WDR5 suppressed PHD2 expression through HDAC2-induced H3K4 deacetylation (A) Half-life detection of PHD2 mRNA was performed using 10 μM actinomycin D (Act D) for the indicated times. (B) Chromatin accessibility of PHD2 promoters was evaluated by quantitative real-time PCR with DNase I-pretreated nucleus of control, scramble, and WDR5-silenced QBC939 cells. Fold change was analyzed using 2^−ΔΔCt. (C) ChIP assay showed that WDR5-silenced QBC939 cells had elevated H3K4ac modification at the PHD2 promoter regions. H3K4ac antibody was used for immunoprecipitation (IP) after WDR5 knockdown, and quantitative real-time PCR of the PHD2 promoter in output was performed. (D) A CUT&Tag assay was performed to confirm that WDR5 knockdown promoted H3K4ac modification at PHD2 promoter regions. WDR5 was knocked down by shWDR5 in QBC939 cells, and H3K4Ac antibody was used to interact with the H3K4-acetylized protein. Log₂(RPM + 1) was used for quantification. (E) Overlay of H3K4ac at EGLN1 (PHD2) loci in scramble (purple) and WDR5 knockdown (green) QBC939 cells. Significantly increased regions are underscored (red box). (F) List of 10 DEGs with most significant change in CUT&Tag data. EGLN1 (PHD2) had the highest fold change after WDR5 knockdown. (G) CoIP of WDR5 with HDAC1–HDAC3 in QBC939 cells. (H) Effect of HDAC1–HDAC3 knockdown on the expression of PHD2 protein in QBC939 cells. (I) ChIP assays show that H3K4ac on PHD2 promoters in HDAC2 silenced QBC939 cells. H3K4ac antibody was used for IP after HDAC2 knockdown, and qPCR of the PHD2 promoter in output was performed. (J) ChIP assay revealed that WDR5 directly interacts with the promoter region of PHD2 gene. WDR5 antibody was used for IP, and qPCR of the PHD2 promoter in output was performed. (K) ChIP assay revealed that WDR5 knockdown attenuated HDAC2 binding to the PHD2 promoter. HDAC2 antibody was used for IP after WDR5 knockdown. (L) ChIP assay revealed that WDR5 overexpression disrupted H3K4ac at PHD2 promoter regions and knockdown or inhibition of HDAC2 reversed it.
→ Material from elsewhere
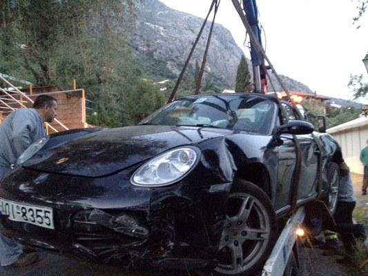 Το διθέσιο πολυτελές αυτοκίνητο, στο οποίο ήταν συνεπιβάτης, ξέφυγε από τον δρόμο κι έπεσε σε χαντάκι μεγάλου βάθους.
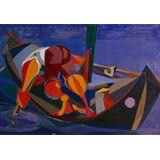 Gli anni della prigionia, lunghi, interminabili, consegnano taccuini di disegni d’altissima qualità, d’ingegno scattante, mai domato dal contesto inumano e sofferto. Queste prove grafiche lo condurranno a dipingere nuovamente e con un nuovo spirito proprio al nascere del secondo dopoguerra, partecipando tra l’altro alla 35ma Collettiva della Bevilacqua La Masa del 47 con l’opera Figura la quale inizia ed apre la ricerca dell’autore e ne connota la prima cifra personale. Giunge qui la sintesi delle passioni passate, dell’ amore per le cromie e delle linee amare del Gino Rossi maturo, transitate con ottimo esito nella ricerca neocubista cui questo ritratto non soggiace alzandosi plasticamente nella sua scomposizione grazie ad un sapiente orchestrarsi dei toni cupi e terrestri spinti, accesi e focalizzanti dell’incarnato che sottilmente si spinge sino al contrappunto dei rossi concepiti come una rottura antinaturalistica.

H3K4ac antibody was used for IP, and quantitative real-time PCR of PHD2 promoter in output was performed. (M) Expression of PHD2 in WDR5-overexpressed QBC939 cells that were treated with 50 μM SCA for 48 h or transfected with siHDAC2. Data were analyzed with two-way ANOVA in (A), or with one-way ANOVA in (B), (C), and (I)–(L). ∗p < 0.05, ∗∗p < 0.01, ∗∗∗p < 0.001. n.s., not significant.

Figure 8

Schematic depiction of the mechanisms underlying WDR5 facilitating CCA metastasis and EMT by increasing HIF-1α accumulation Two distinct mechanisms of how WDR5 enhanced HIF-1α accumulation: (1) WDR5 promoted HIF-1α mRNA synthesis via directly interacting with c-Myc and (2) WDR5 inhibited HIF-1α protein hydroxylation, ubiquitination, and degradation through suppressing PHD2 expression, which relied on interacting with HDAC2 and deacetylizing H3K4ac.